Details
- Origin: Dorsal: metacarpal bones 1 to 5. Palmar: metacarpal bones of digits 2, 4, 5
- Insertion: Dorsal: bases of proximal phalanges and extensor expansions of digits 2 to 4. Palmar: base of proximal phalanx and extensor expansion of the same digit from which it originated.
- Nerve: deep branch of the ulnar nerve
- Actions: Dorsal: Abduct digits. Palmar: Adduct digits.

= Interosseous muscles of the hand =

Muscles of the hand

The interosseous muscles of the hand are muscles found near the metacarpal bones that help to control the fingers.
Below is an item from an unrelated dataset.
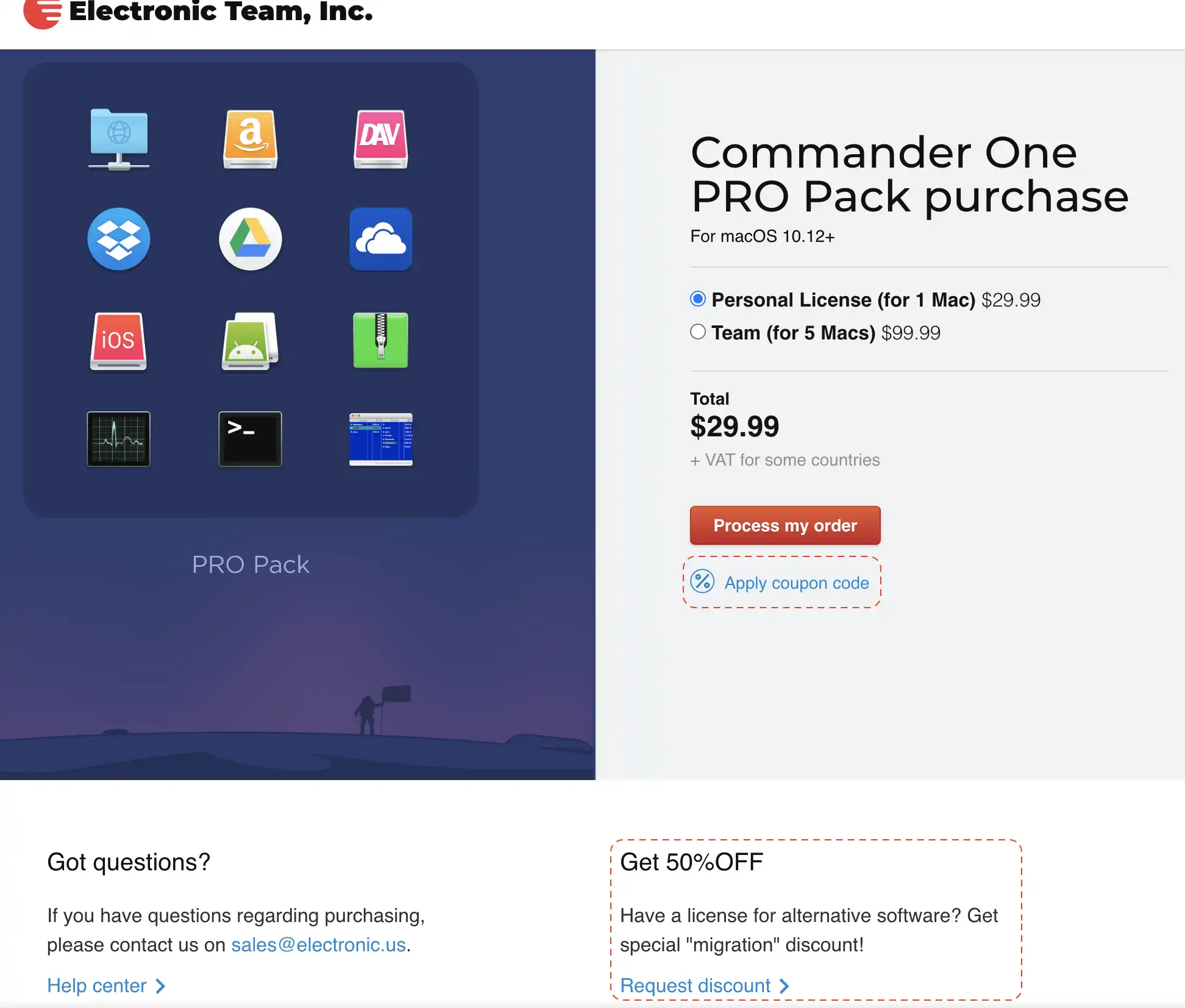 Commander one pro를 구매하기 위해, 공식 홈페이지로 가보자.

They are considered voluntary muscles.

They are generally divided into two sets:
- 4 Dorsal interossei - Abduct the digits away from the 3rd digit (away from axial line) and are bipennate.
- 3 Palmar interossei - Adduct the digits towards the 3rd digit (towards the axial line) and are unipennate.

This is often remembered by the mnemonic PAD-DAB, as the Palmar interosseous muscles ADduct, and the Dorsal interosseous muscles ABduct. The axial line goes down the middle of the 3rd digit, towards the palm of the hand (it's an imaginary line).

Both sets of muscles are innervated by the deep branch of the ulnar nerve.